Grainger Chaytor
- Full name: David Grainger Chaytor
- Country (sports): Ireland
- Born: 11 May 1868 Killiney, County Dublin, Ireland
- Died: 13 July 1913 (aged 45) Dublin, Ireland
- Turned pro: 1885 (amateur tour)
- Retired: 1900

Singles
- Career record: 222/47 (78.8%)
- Career titles: 21

Grand Slam singles results
- Wimbledon: QF (1890)

= Grainger Chaytor =

Irish tennis player (1868–1913)

David Grainger Chaytor KC. (11 May 1868 – 13 July 1913) was an Irish tennis player and later lawyer. In major tournaments of the time he was a singles quarter finalist at the 1890 Wimbledon Championships, a three time quarter finalist at the Irish Championships, and finalist at the 1887 Northern Championships. Between 1885 and 1900 he won 21 career titles.

==Career==
Grainger Chaytor was born on 11 May 1868 in Killiney, County Dublin in Ireland. He was one of three of his brothers who also played tennis, including the 1894 Wimbledon semi finalist Tom Chaytor. He played his first tournament at the 1885 East of Ireland Championships, at the Howth Lawn Tennis Club in the coastal suburb of Howth in Dublin where he lost in the first round to Robert Hassard. In 1886 he won his first title the Fitzwilliam Plate at the Fitzwilliam Lawn Tennis Club against Francis Perry.

In major tennis tournaments of the time he was a singles quarter finalist at the 1890 Wimbledon Championships, a three time quarter finalist at the Irish Championships, and finalist at the 1887 Northern Championships.

His other career singles highlights include winning the Derbyshire Championships at Buxton four times (1892–1894, 1899), the Sussex Championships three times (1891, 1895, 1898) at Brighton, the Yorkshire Championships three times (1895, 1898, 1900).
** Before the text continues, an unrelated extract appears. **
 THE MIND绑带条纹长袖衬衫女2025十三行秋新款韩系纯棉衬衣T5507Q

In addition to winning one title including the Fitzwilliam Plate (1886), Kilkenny County and City Open (1887), the King's County and Ormonde Tournament (1887), Staffordshire County Lawn Tennis Championships (1890), the Dublin University Championships (1890) Queens Challenge Cup (1890), the Nottinghamshire Championships (1890), the East of Scotland Championships (1891), the Fitzwilliam Club Championships (1891) and the Darlington Association Tournament (1892).
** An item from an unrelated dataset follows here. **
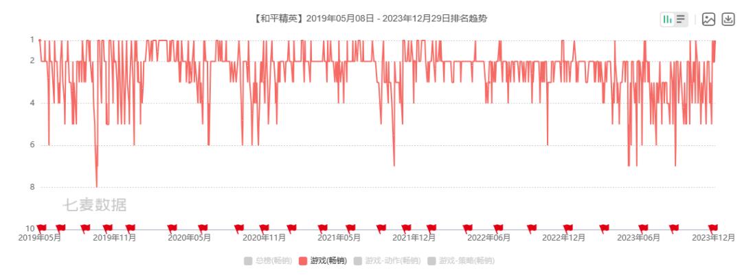 上線4年,如今《和平精英》仍舊保持在品類頭部位置。根據七麥數據,截至12月29日,《和平精英》手遊共上線1697天,其中有1462天位於暢銷榜前三名,佔比86%,而且,它從未跌出過暢銷榜前十。這應該就是它保持生命力的最好佐證。

He was also a finalist at the Killiney and Ballybrack Championships (1886), the Fitzwilliam Club Championships (1887), the Waterford Annual Lawn Tennis Tournament (1887), the County Dublin Championships (1889), North of Ireland Championships (1889), North of England Championships (1892), the Welsh Covered Court Championships (1899). In 1900 Grainger played his final tournament at the North of England Championships at Scarborough. Between 1885 and 1900 he won 21 career titles.

==Personal==
Grainger Chaytor, as he was known, was one of six siblings and three lawn tennis-playing Chaytor brothers including Wimbledon semi finalist Tom Chaytor from the suburb of Killiney, County Dublin, Ireland. They were the children of Charles Henry George Chaytor and Mary Anne Chaytor (nee. Grainger) from whom the lawn tennis player took his middle name. He married Mary Elizabeth (Gambell) Chaytor in October 1892 in Callan, Ireland.

Grainger Chaytor studied law and was later appointed King’s Counsel, he died on 13 July 1913.